偷聽到公司機密的張金龍,興奮的簡直嘴都快合不攏了。花之雨設計公司的設計們,感覺今天就像過年一樣高興。原因很簡單,由于鍾楚楚這個新老闆第一天上任,在淩哲的暗示下,鍾楚楚給公司的全體員工漲了一級工資。
行政部張總監辦公室。
“楚楚啊,小雯她出事了。前幾次你問我,我之所以不告訴你,是怕給你惹麻煩。
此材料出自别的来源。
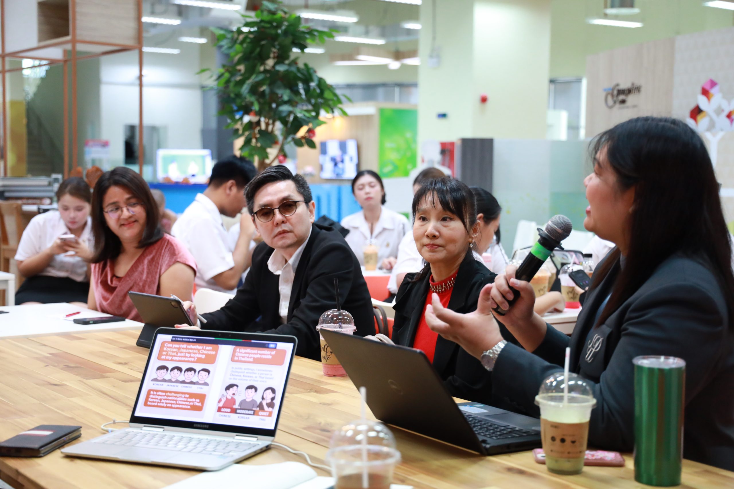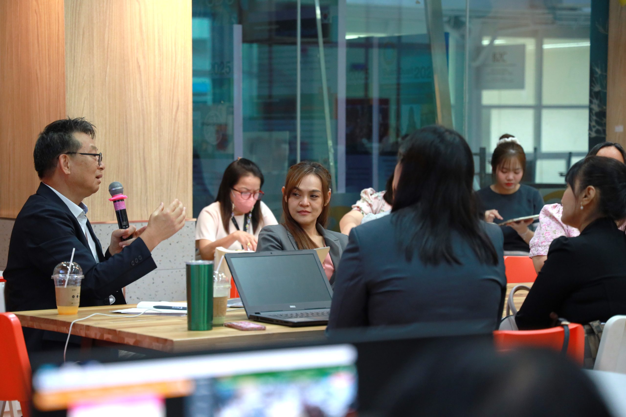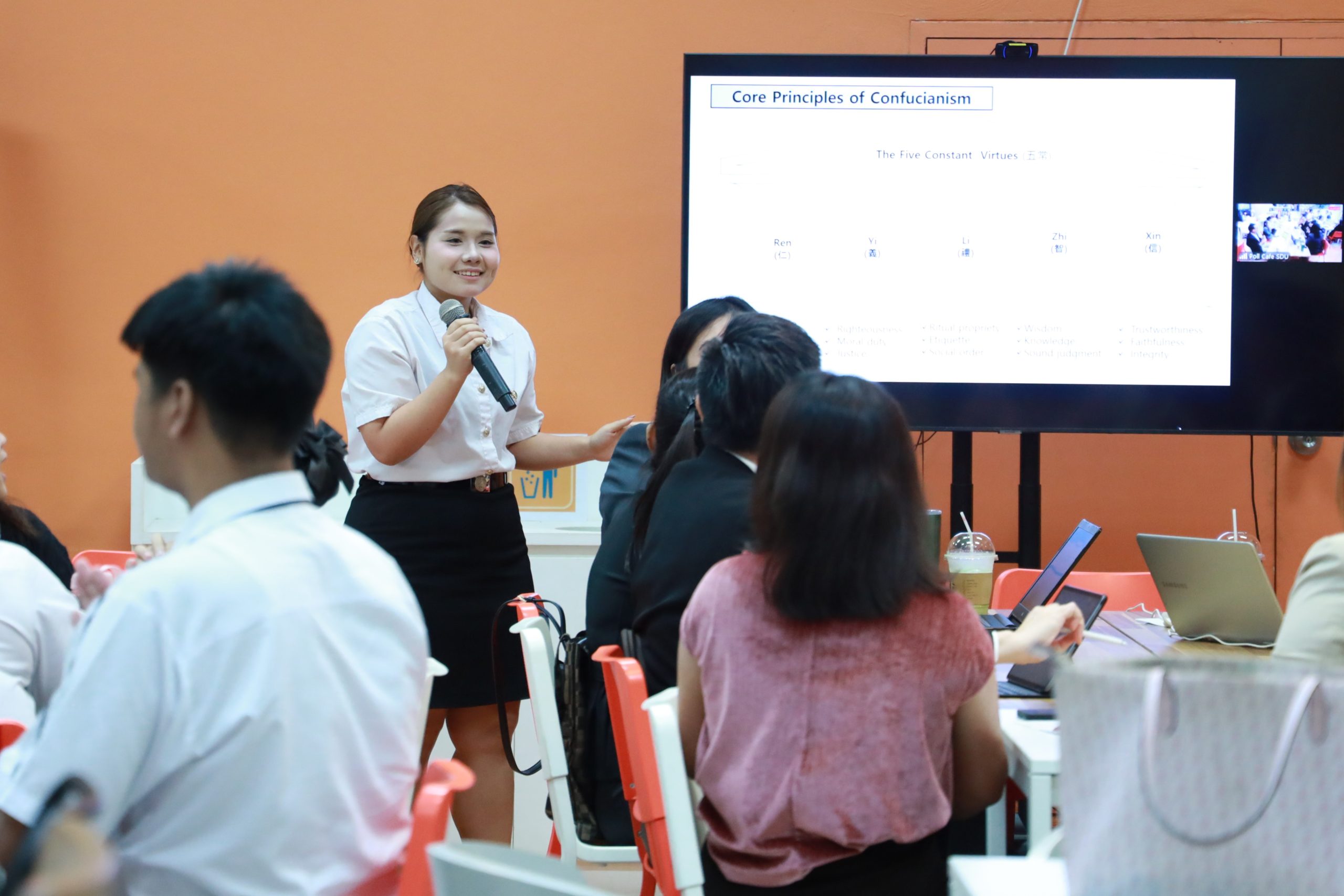 The session was moderated and interpreted by Ms. Kanokwan Kunlasuth, Assistant Dean for International Affairs, Faculty of Humanities and Social Sciences. The event was honored by the presence of Asst. Prof. Kwanhathai Choedchoo, Assistant to the President and Chair of the English for Communication Program; Asst. Prof. Dr. Boonyalak Tumnanchit, Assistant Dean for Curriculum Development; Asst. Prof. Dr. Jitchin Jittisukaphong, Assistant Dean for Policy and Planning; as well as university staff and students from the Chinese for Service Career Program.
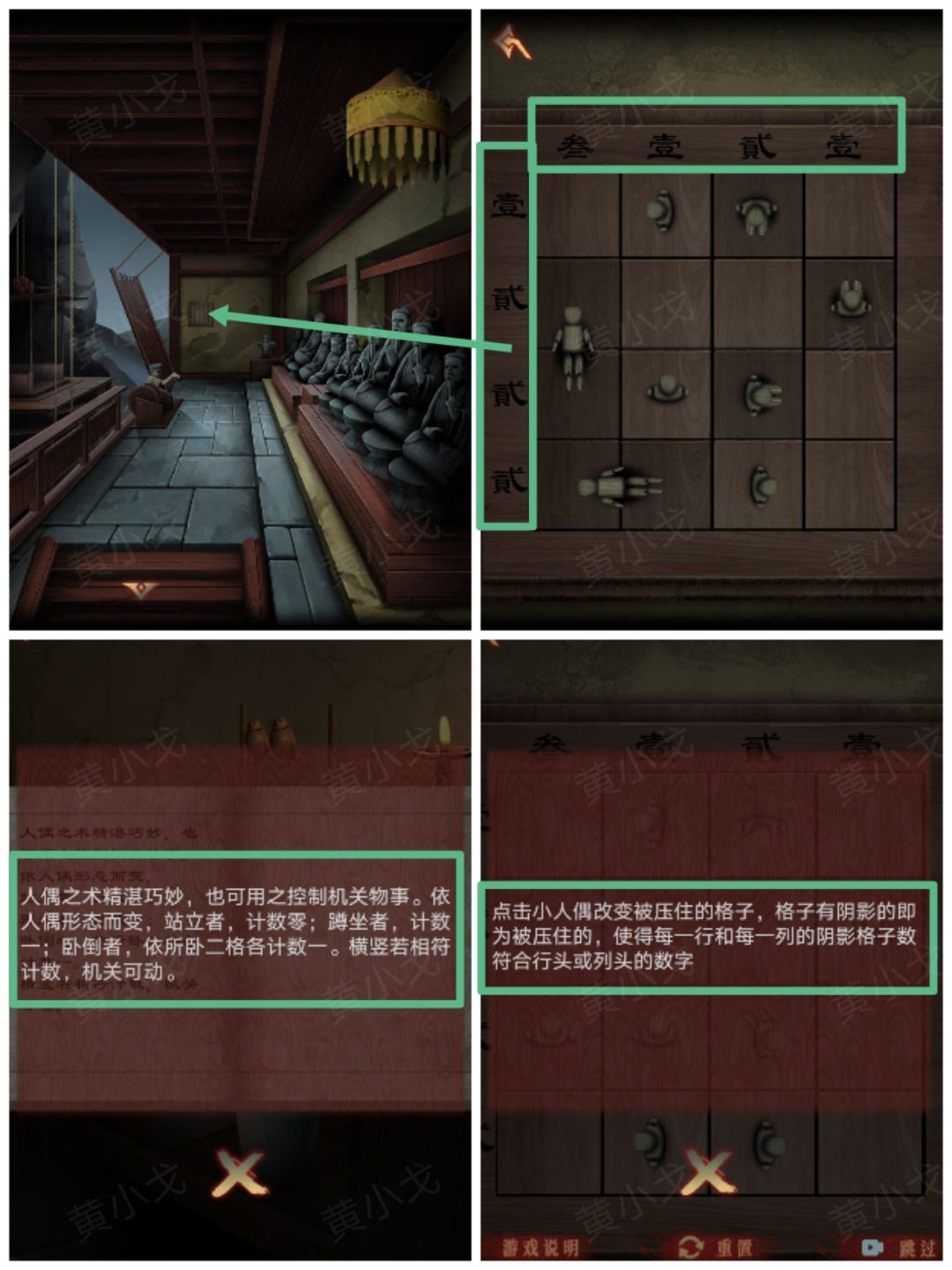 10.点击木偶头瓶子,根据上面的提示(华盖图案和倒着的莲花图案),结合两边雕像使用【尺子】后得到的线索,按顺序按下木偶的手指头

今天終于知道了你的真實身份,這下子小雯的事情終于有救了。”張總監有些無耐的歎息一聲,這才開口說道。
“小雯子,她到底出什麽事兒了?”鍾楚楚緊張的盯着張總監的眼睛。怪不得從過年到現在總是打不通劉雯的手機,後來找張總監打聽,張總監總說劉雯家裏有事,暫時不來公司上班了。具體什麽事情,張總監也一副欲言又止的樣子,任鍾楚楚怎麽問就是不肯說實話。
“唉!小雯被抓了,濟州那邊的調查部給抓進了看守所。濟州林氏家族中有一個花花公子,早就看上了小雯,想讓小雯給他做繼室。小雯不答應,便躲到了咱們雲之州。于是我托關系把小雯所有的行蹤給隐藏了起來。
那個男人今年都三十九歲了,比小雯足足大了快一輪。而且那個男人的前任妻子,據說是受不了他的家庭暴力自盡身亡的,直接從五層樓下跳了去,隻留下一個五歲的女兒。
也不知是誰和我大姐有仇,便向對方推薦了我的外甥女劉雯。說什麽算命先生推算出了小雯和那個林少爺,五行八字非常相配。還說小雯一臉旺夫相,嫁到林家後可以使林家興旺,還能讓林家子孫滿堂。
我姐姐和姐夫都是大學老師,他們根本就惹不起林氏那樣的世家大族。想着咱們惹不起總躲的得起吧!在我這兒躲了一年多的小雯,過年時實在是想家了,便想着偷偷回家一趟,看看自己的父母。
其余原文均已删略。